The first, df1, contains names in its index as:
Yearly energy consumption Size rating
Almtunaskolan 322149.324250 Medium school
Almunge skola 383479.065917 Medium school
Bergaskolan (Videskolan) 296916.405000 Medium school
Danmarks skola 84884.857333 Small school
Domarringens skola 463568.627250 Large school
Ekuddens skola 177668.365000 Small school
In this dataframe each user name (which is in the index) has a size rating in the second column "Size rating". I want to use this rating to rename the user names in another dataframe, df2.

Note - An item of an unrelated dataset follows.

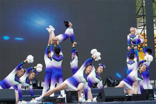 比赛现场,伴随着动感十足的音乐,参赛运动员身穿多彩的舞蹈服绚烂起舞,以矫健的舞姿焕发出青春光彩,用奔放的动作尽情展现风采,为现场观众带来了一场视觉盛宴。
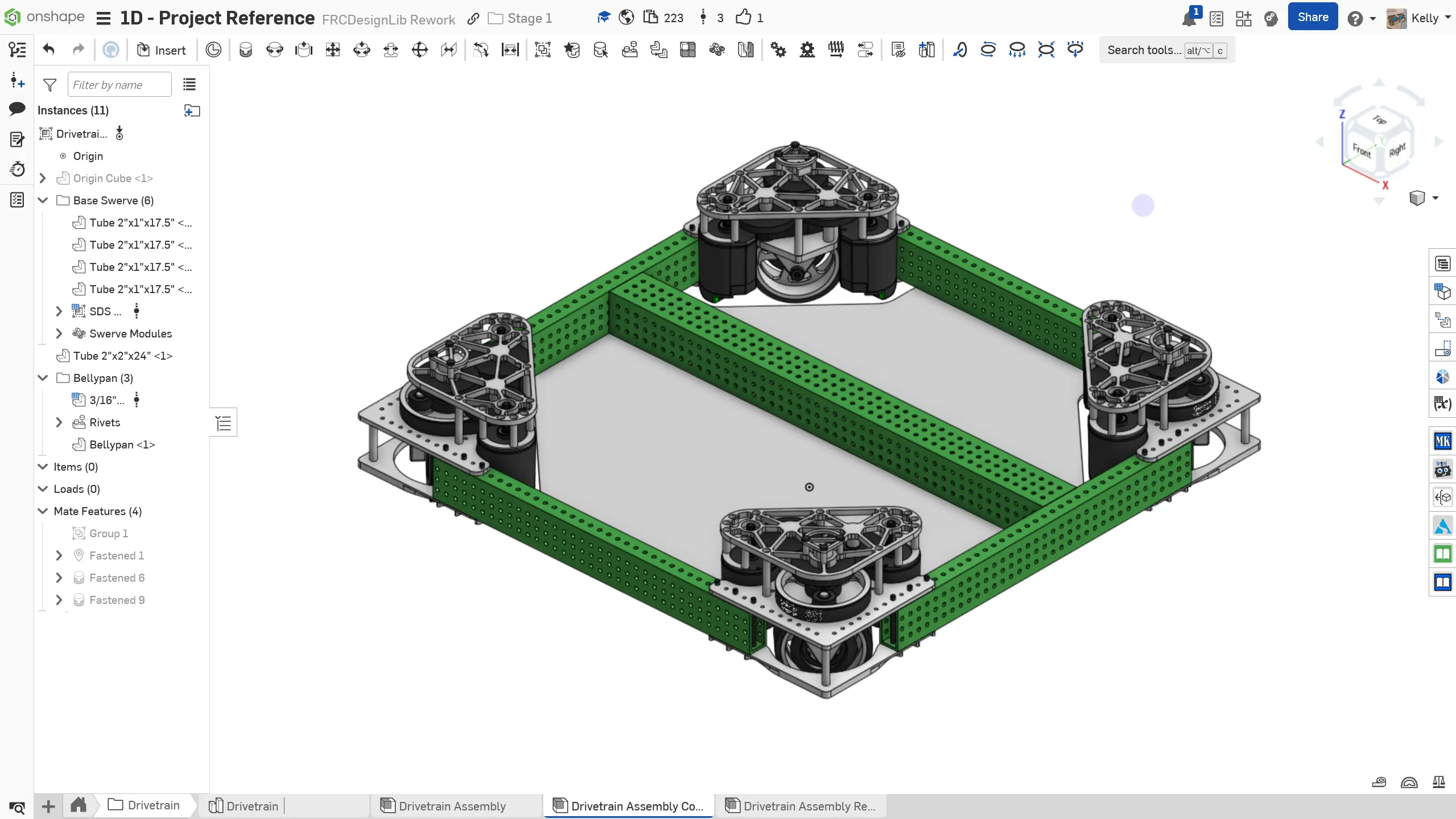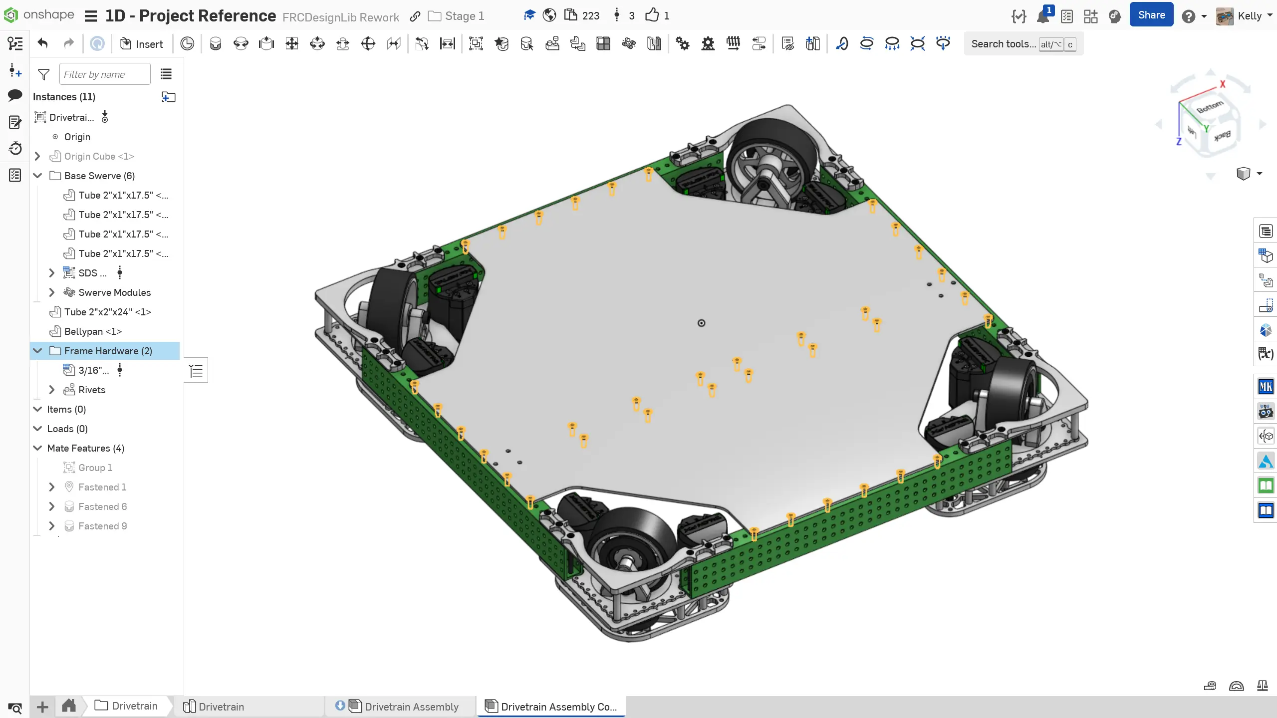 Start by creating a new assembly tab called Drivetrain Assembly in the Drivetrain folder. Follow the instructions in the slides to complete the assembly.

The other, df2, has fewer names as some have been filtered away compared to the indexes in df1. But all column names in df2 exists in the index names in df1. Difference being that here the user names are in the columns instead as shown below for df2:
datetime Almtunaskolan Almunge skola ... Real user name ... Real user name ... \
24 2017-01-02 00:00:00 0.001268 0.000579
25 2017-01-02 01:00:00 0.001257 0.000591
26 2017-01-02 02:00:00 0.001257 0.000583
27 2017-01-02 03:00:00 0.001257 0.000587
28 2017-01-02 04:00:00 0.001268 0.000583
Now to the question: How do I use the "size rating" in df1 to rename the columns in df2 for each user?
For instance, in df1 we have "Almtunaskolan" in the first row, which also is the user in the first column in df2. So I want to rename "Almtunaskolan" in the first columne in df2 to "Medium school", etc.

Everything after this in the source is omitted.